If patient metadata is known, pass it explicitly:

```python
from belgian_deduce import Deduce, Person

model = Deduce()
patient = Person(first_names=["Jan"], initials="JJ", surname="Janssens")
doc = model.deidentify(text, metadata={"patient": patient})
```

Metadata can also be used for more than the primary patient.

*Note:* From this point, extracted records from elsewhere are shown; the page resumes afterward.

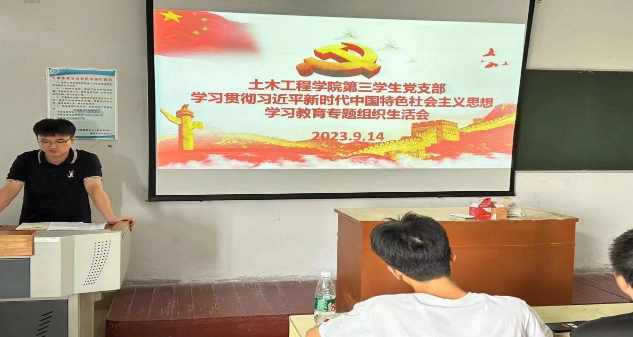 本网讯(特约记者/彭景升)9月14日下午,土木工程学院第三学生党支部于5301教室召开学习贯彻习近平新时代中国特色社会主义思想主题教育专题组织生活会,党支部书记陈哲同志主持,党支部全体党员参加。
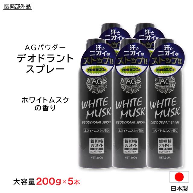 制汗剤 デオドラントスプレー ホワイトムスク 大容量 200g ×5本 Ag 制汗スプレー 日本製 医薬部外品
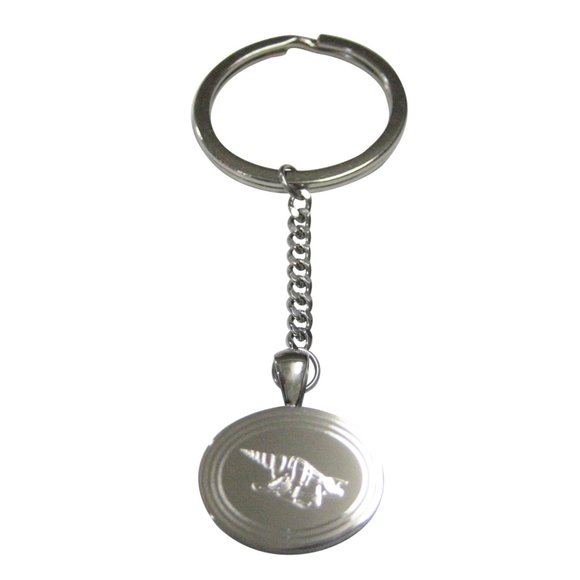 Silver Toned Oval Etched Sea Shell Pendant Keychain

The pipeline supports:

* `persons`: one or more additional `Person` objects treated as regular people
* `addresses`: one or more `Address` objects that should be tagged as `location`
* `entities`: arbitrary exact metadata matches via `MetadataEntity`
* `Person.birth_date`, `Person.aliases`, and `Person.addresses`

```python
from datetime import date

from belgian_deduce import Address, Deduce, MetadataEntity, Person

deduce = Deduce()

metadata = {
    "patient": Person(
        first_names=["Jan"],
        surname="Jansen",
        birth_date=date(1980, 3, 12),
        addresses=[
            Address(
                street="Kerkstraat",
                house_number="12A",
                postal_code="9000",
                city="Gent",
            )
        ],
    ),
    "persons": [
        Person(
            first_names=["Peter"],
            surname="de Visser",
            aliases=["Dr. Peter de Visser"],
        )
    ],
    "entities": [
        MetadataEntity(text="UZ Gent", tag="hospital"),
        MetadataEntity(text="ABC-12345", tag="id"),
    ],
}

doc = deduce.deidentify(text, metadata=metadata)
```

French-speaking notes can be handled through the same API. A practical path is to
provide metadata for names, birth dates, addresses, and institutions:

```python
from datetime import date

from belgian_deduce import Address, Deduce, MetadataEntity, Person

deduce = Deduce()

text = (
    "Patient Jean Dupont, né le 12 mars 1980, habite Rue de la Loi 12, "
    "1000 Bruxelles. Sophie Martin consulte à Hôpital Erasme."
)

metadata = {
    "patient": Person(
        first_names=["Jean"],
        surname="Dupont",
        birth_date=date(1980, 3, 12),
        addresses=[
            Address(
                street="Rue de la Loi",
                house_number="12",
                postal_code="1000",
                city="Bruxelles",
            )
        ],
    ),
    "persons": [Person(first_names=["Sophie"], surname="Martin")],
    "entities": [MetadataEntity(text="Hôpital Erasme", tag="hospital")],
}

doc = deduce.deidentify(text, metadata=metadata)
print(doc.deidentified_text)
```

```text
Patient [PATIENT], né le [DATE-1], habite [LOCATION-1]. [PERSON-1] consulte à [HOSPITAL-1].
```

<!-- end getting started -->

## Documentation

The project documentation lives in [docs/source/tutorial.md](docs/source/tutorial.md)
and [docs/source/migrating.md](docs/source/migrating.md).

## Contributing

Contribution guidance is available in [CONTRIBUTING.md](CONTRIBUTING.md).

## Versions

* `4.0.1` - Polished the published package page and stabilized the tag-driven
  release workflow
* `4.0.0` - First standalone `belgian_deduce` release with Belgian defaults and
  independent docs/tooling
* Earlier entries in [CHANGELOG.md](CHANGELOG.md) predate the standalone release and
  are preserved for provenance

## Authors

* Vincent Menger - original DEDUCE implementation
* Stig Hellemans - Belgian standalone package and maintenance

## License

This project remains licensed under LGPL-3.0-or-later. See [LICENSE.md](LICENSE.md).